Here are some stats:
Expected Accuracy (HyperLogLog)
b parameter
5 18.38%
16 0.41%
24 0.03%
QUERY 1
700 million rows, ~7.5 million unique values. ~200 mappers, 1 reducer (1G heap).
Algorithm Cardinality Estimate Error Rate (%)
COUNT(DISTINCT x) 7,559,481
Linear Counting 6,266,403 -17.11%
HyperLogLog (b=5) 9,625,215 27.33%
HyperLogLog (b=16) 7,536,626 -0.30%
HyperLogLog (b=24) 7,546,374 -0.17%
QUERY 2 - with Group By
Grouped Field (sample) Records Exact Uniques Approx Uniques (b=16) Error (%)
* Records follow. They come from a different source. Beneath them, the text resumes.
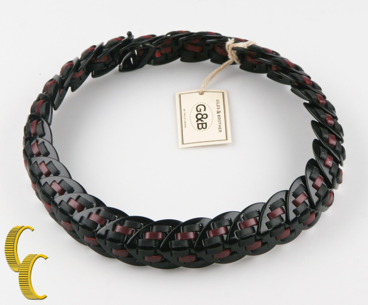 Giles Brother Black Nara Armour Lacquer Leather Necklace MSRP $350
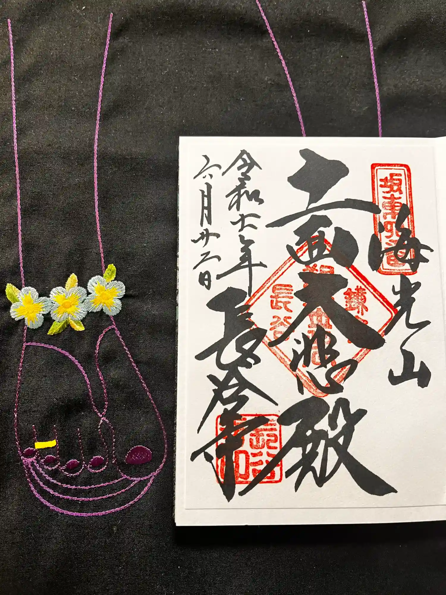 | 御朱印 | 右に海光山、真ん中に十一面大悲殿、左に長谷寺と書かれ、右上に坂東四番、真ん中に鎌倉観世音長谷、左下… | ||
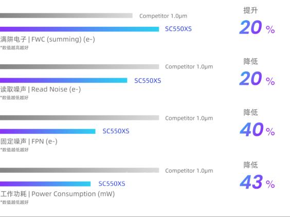此外,与业内同类产品相比SC550XS的满阱电子提升了20%,读取噪声与固定噪声分别大幅降低了20%与40%,在暗光性能出色的同时进一步提升成像的细腻质感。

A 233,024,253 3,451,201 3,446,017 -0.15%
B 223,350,154 2,810,703 2,796,881 -0.49%
C 152,874,611 2,889,500 2,884,780 -0.16%
D 22,144,205 573,330 571,830 -0.26%
E 20,638,765 1,322,098 1,320,369 -0.13%
F 19,215,734 504,509 504,751 0.05%
G 18,896,848 280,102 280,943 0.30%
H 17,998,980 3,173,567 3,170,974 -0.08%
Overall uniques 7,679,458
Overall approx uniques 7,665,425
Overall error rate -0.18%
QUERY 3 - Large cardinality, with and without long-range correction
Overall distincts 500,000,000
Approx distincts (b=26) 529,757,672
Error rate -5.62%
Approx (without long-range
correction, default) 498,447,667
Error rate -0.31%
Error rates without long-range correction for large cardinalities are of similar magnitude as for smaller cardinalities, although for b=26
and 1.7 billion uniques, the error rate does climb to about 5%.
Relies on Clearspring's excellent stream-lib project for the algorithm implementations.
See this blog post, this blog post and this blog post for in depth discussions of HyperLogLog and Linear Counting (as well as Count-Min Sketch and others).
The actual papers:
- HyperLogLog: the analysis of a near-optimal cardinality estimation algorithm
- A linear-time probabilistic counting algorithm for database applications
- Tests!
- Add set intersection for HyperLogLog to stream-lib
- Other algorithms (count-min sketch etc)
- HyperLogLog (and other monoids) from algebird in Scala (for fun!)